Al irlandés Jamie le fascinó observar tucanes, búhos, tangaras, cotingas y loros.


Emily aprendió sobre las propiedades del árbol de Sangre de Drago.


Christopher tocó por primera vez los pétalos de las begonias y percibió el olor dulce de la canela y la textura del jenjibre.


“Todas estas son cosas que pocos compatriotas conocen”, dice Darwin Hoyos, dueño de Jardín Tropical. Él es un lojano de 33 años que llegó a la región con sus padres.


Cuenta que de cada 10 visitantes, solo uno es ecuatoriano.


Teresa, una quiteña que llegó en agosto de este año, escribió en el libro de visitas: “Hay muchos lugares hermosos en el mundo, pero este es un pedacito de aquellos que Dios ha bendecido. Cuídenlo, por favor”.

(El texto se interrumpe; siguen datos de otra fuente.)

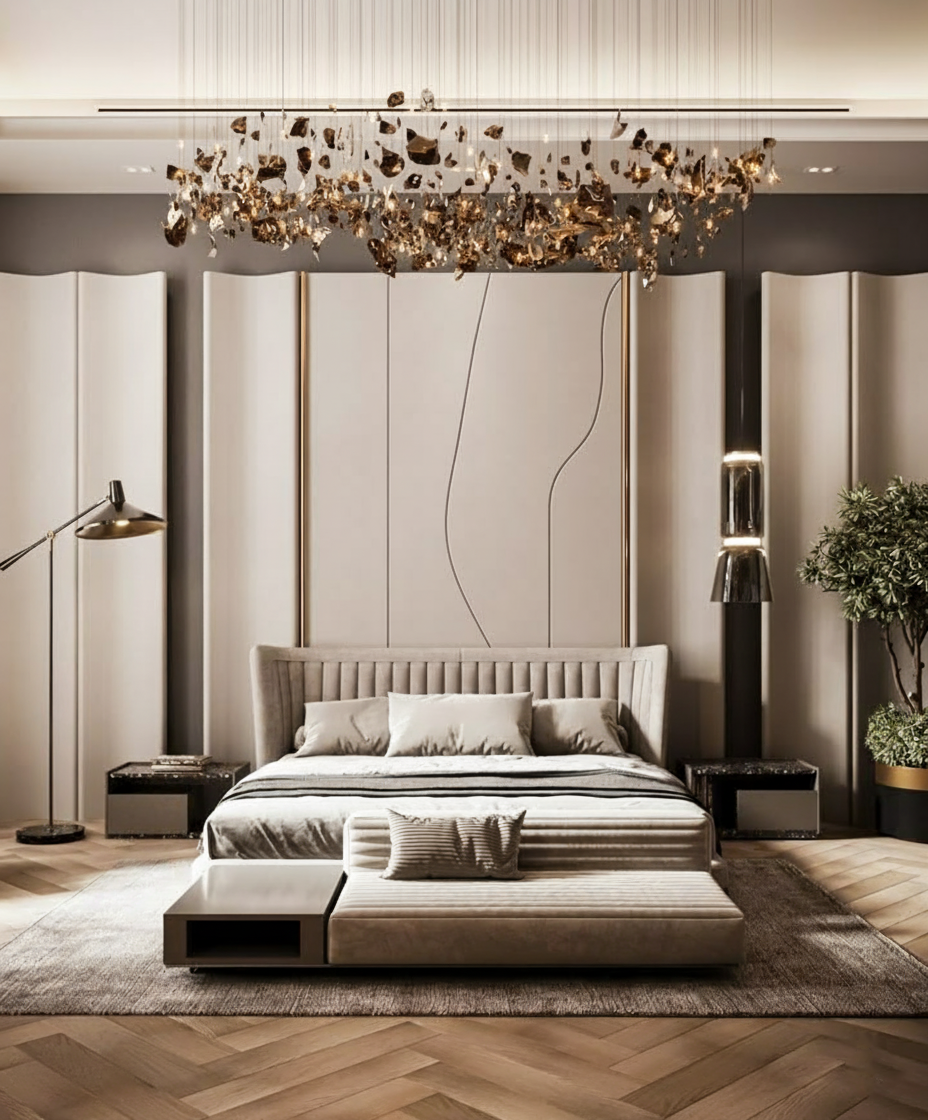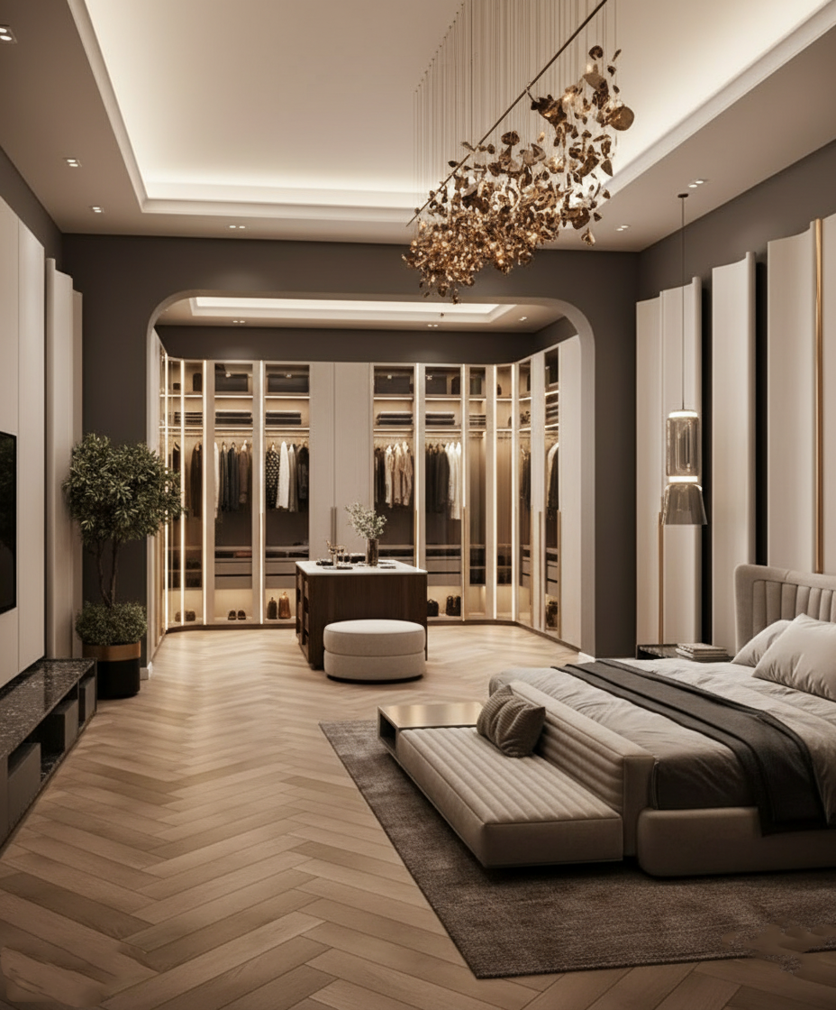 غرفة نوم ماستر فاخرة بتصميم عصري دافئ، تتميز بسقف جبسي بإضاءة مخفية، وأرضية باركيه بنقشة متعرجة، ونجفة فنية معلّقة بتفاصيل معدنية ذهبية. تضم الغرفة منطقة ملابس واسعة بإضاءة مدمجة تمنح مظهراً فاخراً، بالإضافة إلى سرير بتنجيد مخملي وجلسة أمامية عملية. مزيج الألوان الهادئة والخامات الراقية يخلق مساحة مثالية للاسترخاء والفخامة.

José Díaz, de 23 años, nieto de un hierbero de Sacha (en Orellana) e hijo de un militar al que nunca conoció, vive con sus abuelos desde que tenía ocho meses de edad.


Él quiere ser guía profesional. Para eso todavía le falta estudiar inglés y conocer más la historia, la geografía y las tradiciones de Puerto Quito.


Pero sabe. Y comparte lo que sabe mientras conduce a los grupos de turistas por puentes construidos de pambil, sapán y laurel; por senderos donde se encuentran ranas enanas, libélulas, hormigas arrieras, termitas; por pequeños valles tropicales donde abundan el cacao, la naranja, el guineo, el plátano y la mandarina. José alerta a los grupos de caminantes sobre la prohibición de cazar armadillos, guantas, ardillas.


Enseña que en la zona existen 240 especies de colibríes y que este es uno de los privilegios del Ecuador.


Dos horas después de caminar, explorar y aprender, José invita a los turistas a detenerse en una plantación de caña de azúcar.


En la rústica casa de dos pisos, construida de madera, se escucha música donde parecería que el pasado se ha detenido: Leo Dan, Los Wawancó, Los Iracundos, Sandro…


Afuera, en un pequeño trapiche, José muestra cómo se corta la caña de azúcar, cómo se muele y cómo se convierte en una refrescante dulce bebida.


Cuando el grupo reanuda la caminata florecen las sensaciones: orquídeas amarillas como mujeres danzantes. Ríos que fluyen serenos. Cascadas apacibles.


Así escribió Brigitte en el cuaderno: “Es como mi suave asombro por las telarañas”.